Котях только хмыкнул.

Народу прибавлялось, но приходили все больше ребятишки, толкались, хвастали палками. Взрослых было совсем мало, охотников на такое дело, видно, не находилось. Разбившись на кучки, обсуждали планы, уговаривались, спорили, даже поругивались; и иногда, словно какой-то общий ток возбуждения и тревожной неуверенности пробегал вдруг по ним, прималкивали и оглядывались в раскрытое настежь поле. Конюх не встревал в разговор, будто бы вся затея уже разонравилась ему; только слушал хмуро и щурил изредка свои понимающие людскую суету глаза, а потом отошел в сторону, присел на отмокревшие осиновые бревна, закурил. Завидев Гришука, подмигнул ему невесело: «Вот так-то, брат, дела складываются», — кивнул на место рядом. Гришук, польщенно краснея, подошел вместе с Кузькой, они сели.

— Ну как, Гришень, уже и палку подобрал? — Тот кивнул. Конюх усмешливо, со всегдашним добром оглядел его, спросил: — Так, говоришь, поправился уже?

— Да не-е, — от волнения сипло ответил Гришук, опуская глаза и тыкая палкой в мокрый снег. — Болит еще, а так ничего.

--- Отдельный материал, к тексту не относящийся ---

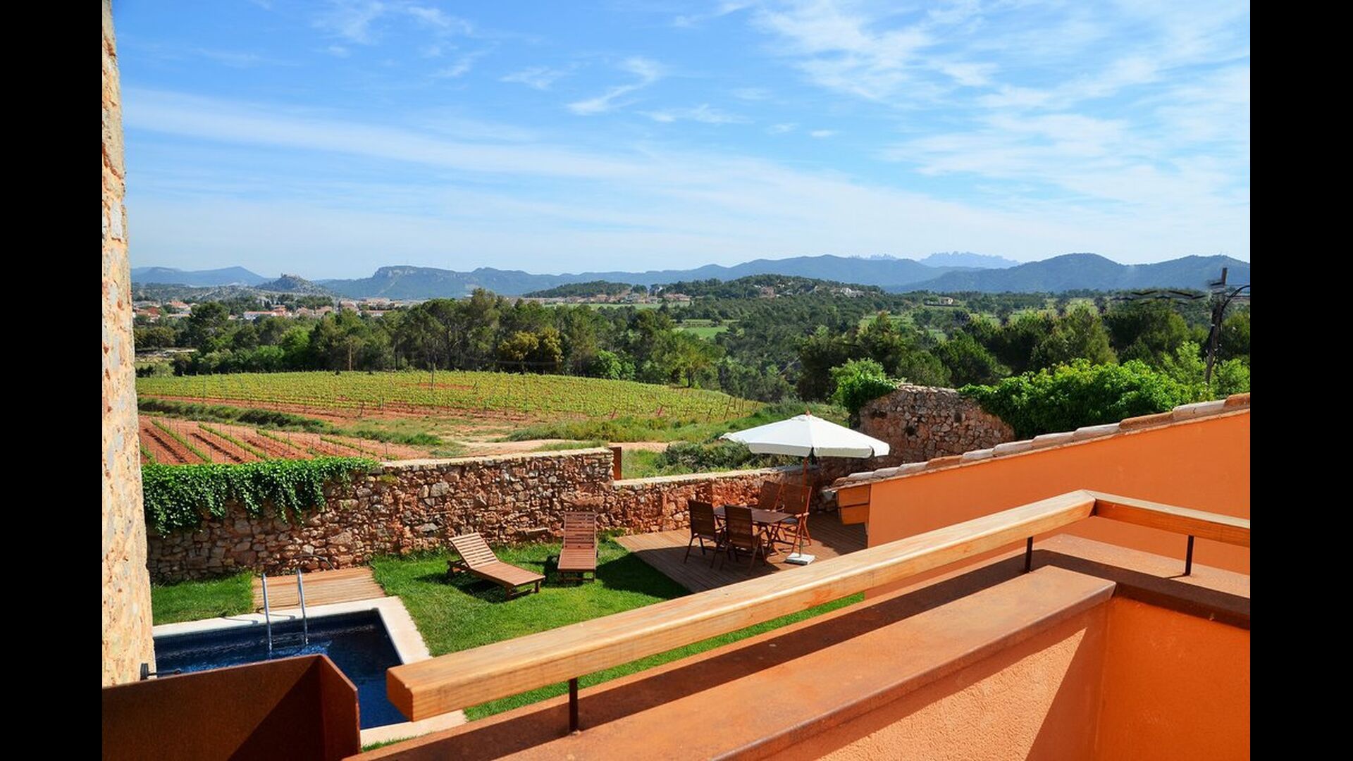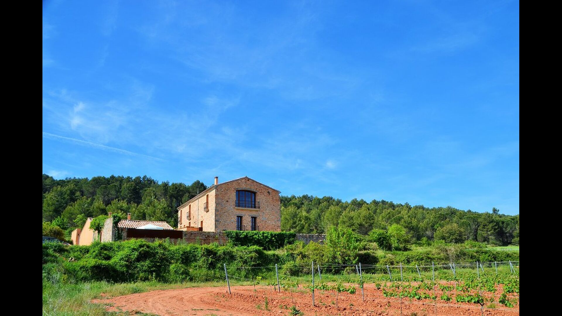 Arriving in Casa Granmont you immediately feel arrived in Catalonia. Leave the main road and follow the small gravel road passing a few houses and a stream and then, driving between the wine yards, you see the house coming closer, slightly above the landscape in the distance.

— Хромает он, — деловито и независимо сказал Кузька, рассматривая подходящих с дрекольем парней, из старшеклассников. — Не успел ты, вот он и чикиляет.

— Ишь ты, — сказал конюх, не удивляясь, потому что Кузьку таким знали давно. — Как же бы это я успел, коль так получилось...

— А что, — совсем неожиданно для себя вдруг спросил Гришук, и голос его опять сорвался и перешел почти в шепот, отчего стало неудобно вдвойне, — Лютого тоже бить будут, да?

— Не бить, а убивать, — солидно поправил Кузька, даже не глянув на них. — Конечно, а што ж с ним — лук чистить, что ли. Дядь Понырин вон сколь патронов набрал — как даст! Я, когда в восьмой пойду, тоже ружье достану...

— Ты дорасти сначала, — жестко и удивленно сказал дядя Пантелеев, и Гришук тоже удивился и обиделся на него за такую неверность Лютому. — В восьмой он пойдет... убивец какой! Молоко оботри сначала.

Кузька надулся, но ответить не посмел и, захватив свою дубинку и хмуро шмыгнув носом, поспешно отошел к толпе. Там гомонили уже разом, даже руками помахивали. Молодой, с мелкими чертами веснушчатого, уже пропитого лица, Филька-счетовод говорил высоким досадующим голосом, стараясь перебить Понырина:

— Э, нет... Э-э, нет! Тебе дай волю, так ты со своей ружь-ей... Да подожди ты, ей-богу, дай сказать: ты со своей ружьей не подумавши начертоломишь...

— Когда это я чертоломил?!

— А всегда! За что ты осенью Дамку у Соловьевых убил? Не дал тебе Микита в морду и до сих пор жалеет. А ты и счас...

— Ты про морду забудь говорить... тоже мне, деляга, про морду говорить! Не дорос еще до моей морды.

— Как-нибудь дорасту, будь спок. А вот Ефим вам правильно говорит: Волну с Лютым надо прибить — и только, остальные сами поразбегутся... А вы что? Неужели еще и тогда, в первый раз, не настрастились!..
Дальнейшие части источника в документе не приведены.